Du schneidest ein sehr interessantes Thema an. Ich denke, dass Darwin nicht am modernen Rassismus schuld ist, auch wenn z.B. sich die Sozialdarwinisten auf ihn berufen. Darwin schrieb zwar, dass die Entstehung der Arten durch natürliche Auslese gesichert wird, er bezog dies jedoch nicht auf die menschlichen Rassen. Richtig ist sicher, dass Darwin als Mann des 19. Jahrhunderts - gewollt oder ungewollt - hochmütig auf nichtweiße Menschen schaute. Aber auch bei Marx und Engels findet man Äußerungen, wie Wilde, Hottentotten, Kaffern usw., ebenso könnte man auch Nietzsche als einen der Väter des Rassismus bezeichnen, obwohl er nicht den Übermenschen und den Untermenschen benennt. In allen Fällen muss genau darauf geachtet werden, wie war es gemeint und wie wurde es schließlich ausgelegt.

Der Sozialdarwinismus entstand sicher als Gegenthese zu Gesellschaftsthesen, die an das Gute, an das Altruistische und das soziale Gewissen der Menschen glaubten. Einfach gesagt, die Sozialdarwinisten analysierten die europäischen und nordamerikanischen Gesellschaften, die sich in der Phase des so genannten Manchesterkapitalismus befanden, und schlussfolgerten daraus, dass die darwinischen Erkenntnisse auch für die menschlichen Gesellschaften zutreffen.
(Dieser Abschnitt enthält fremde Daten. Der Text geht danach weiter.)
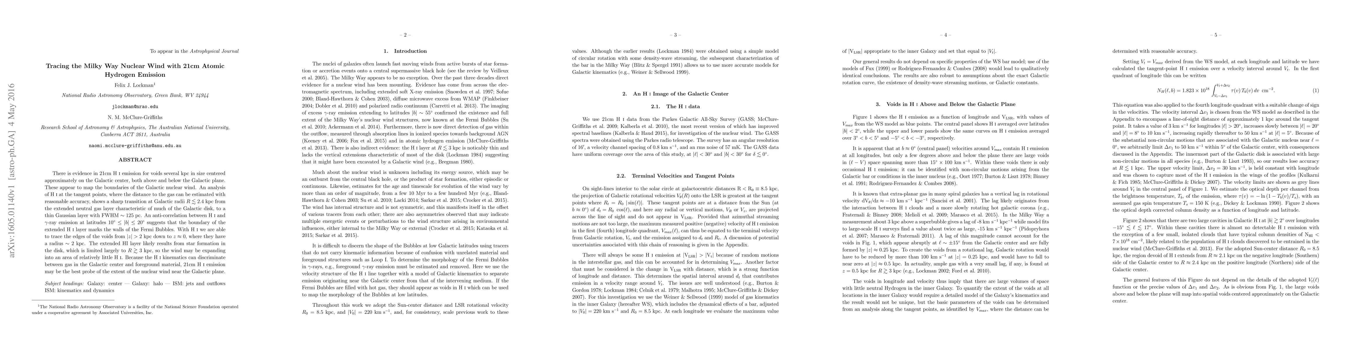 The study uses 21cm atomic hydrogen emission to map the boundaries of the Milky Way's nuclear wind, tracing voids centered on the Galactic centre and expanding into areas with limited hydrogen gas.

Sie beachteten keine historischen oder sozialen Gegebenheiten, sie meinten, der Erfolg Einzelner hänge nur von den Genen ab, der Stärkste setzt sich zu Recht durch. D.h. im Umkehrschluss, dass die Erfolglosen minderwertige Gene hätten. Und in letzter Konsequenz auch, dass alle Nichtweißen minderwertig wären. Dabei wurde nicht berücksichtigt, dass diese Menschen nie die Chance hatten, gleiche Kenntnisse wie die Europäer und Nordamerikaner zu erlangen.
Wozu auch? Für einen Afrikaner waren z.B. Fähigkeiten im Spurenlesen oder das Verhalten von Tieren wichtiger, als z.B. Kenntnisse über den Maschinenbau oder Architektur.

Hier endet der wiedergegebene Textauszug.